SIDEBAR from family systems and addiction theory. When one person is out of control everyone is. Especially when it’s the leader. Think how that affects a family, a church, or a nation. Think of the constant news and social media cycle. Rather than getting away from our TV, computer, or phones, it’s a frenzy that never calms. Everybody gets worked up. Our anger boils. And insults fly.
SIDEBAR from science. It’s the amygdala, the reptilian, oldest part of our brain, that gets us in trouble. It is all about fight, flight, freeze. Rather than thinking first, rather than taking a breath first, rather than cooling off, we are reactive rather than responsive.
An amygdala hi-jack one speaker called it. So we blurt out. We push send. We act impulsively. We demean people. And we have news pundits shouting at each other. Or posts where everyone comes off as self-righteous. We think only of our own pleasure and take advantage of people emotionally, sexually, and in other ways.
That is not to say that anger can’t be used for good. That anger can propel us to take stands for justice, for those marginalized, for refugees, for the poor, for the earth. Yet these days it seems even a Super Bowl commercial is politicized. It can feel so overwhelming. How will we ever move forward? How can we remain grounded, centered and calm when everything and everyone seems out of control all around us?
SIDEBAR from spirituality. Maybe it’s this moment of helplessness that is the opening. Maybe we’re then like a person struggling with addiction who finally lets go. And we realize we can’t do this, we can’t solve this on our own. That we need something, someone, some divine love or grace beyond ourselves.
The invitation is good news. Choose life. Don’t just externalize and blame someone else. It’s not just about following rules. It’s about going deeper. Going inward. Let the shock get your attention and then making a change.

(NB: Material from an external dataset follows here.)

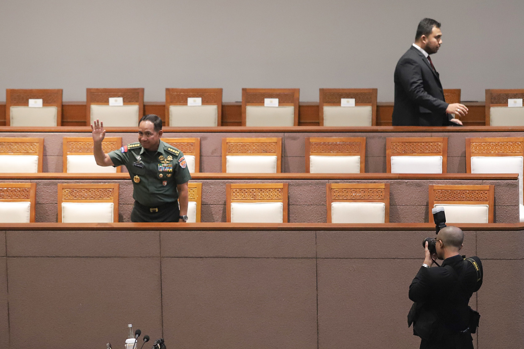 Panglima TNI Jenderal Agus Subiyanto melambaikan tangan kepada media usai Rapat Paripurna Penetapan Panglima TNI di Gedung Nusantara I, Kompleks Parlemen, Senayan, Jakarta, Selasa (21/11/2023). (katafoto/str)
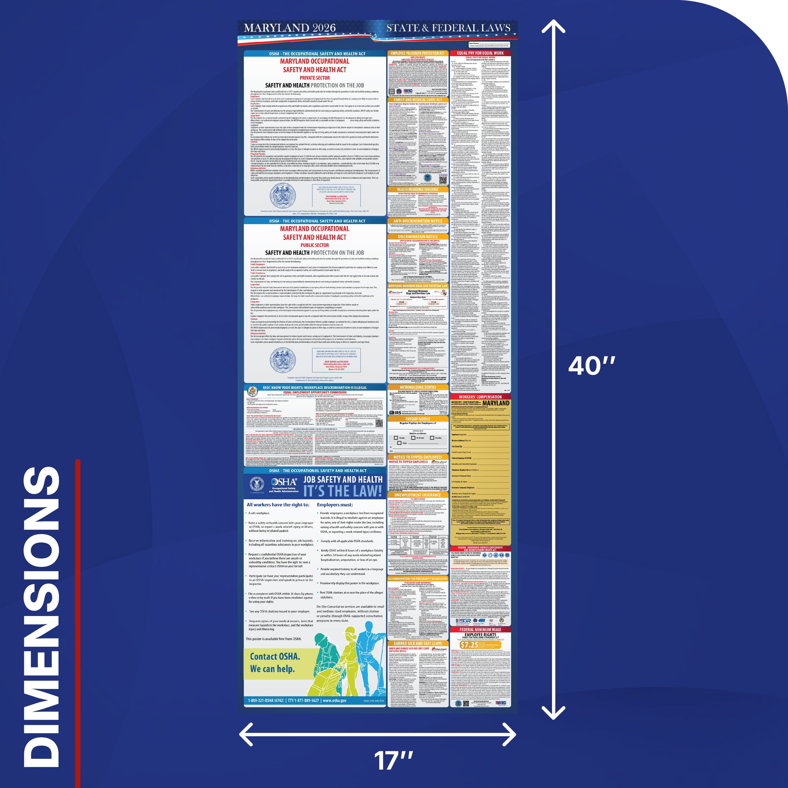 An All-in-One labor law poster that includes Federal, State, and OSHA-required labor laws printed on a 17x40" double-laminated heavy-duty sheet. Designed to ensure businesses comply with mandatory state and federal labor law requirements, this high-quality, full-color poster includes all essential postings as well as state-specific regulations tailored to your location. Its professional design ensures the information is easy to read and understand, while the durable materials make it suitable for long-term use in employee areas like break rooms or near time clocks. This product is continuously updated to reflect the latest legal changes, providing a simple and effective way for employers to meet compliance obligations and keep employees informed about their rights and responsibilities.

Last fall we heard, if they go low, we go high. But let me add: when they project out, we go inward. Rather than always casting blame, we discern the bold and humble and loving way that seeks the common good.
So what comes next? In al-anon you learn to simply do the next right thing. And to take one day at a time. And I might add, turn off the news once in awhile. Yes, we need to be informed, but there is time to detach and find communion in this place, in nature, in art, in solitude, in community.

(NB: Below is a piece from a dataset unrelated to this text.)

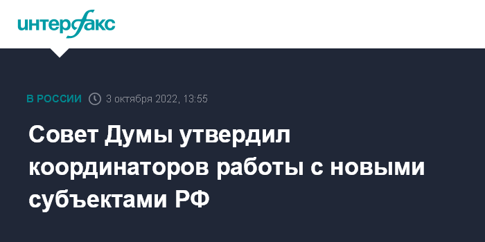 Москва. 3 октября. INTERFAX.RU - Совет Думы в понедельник определил депутатов, которые будут координировать работу с новыми субъектами РФ: ЛНР, ДНР, Запорожской и Херсонской областей.

And here’s the amazing, shocking thing. As Wayne Miller, our bishop says, God’s grace is the love of God that accepts you right where you are, as you are. It’s the radical welcome we proclaim in this place.
Yet he goes on to say this: God calls you to be more than you’ve ever been before. That is the shocking hope we need to believe in change, for us, our nation, and the world. May it be so. God calls us, and gives us grace to be more than we’ve ever been before.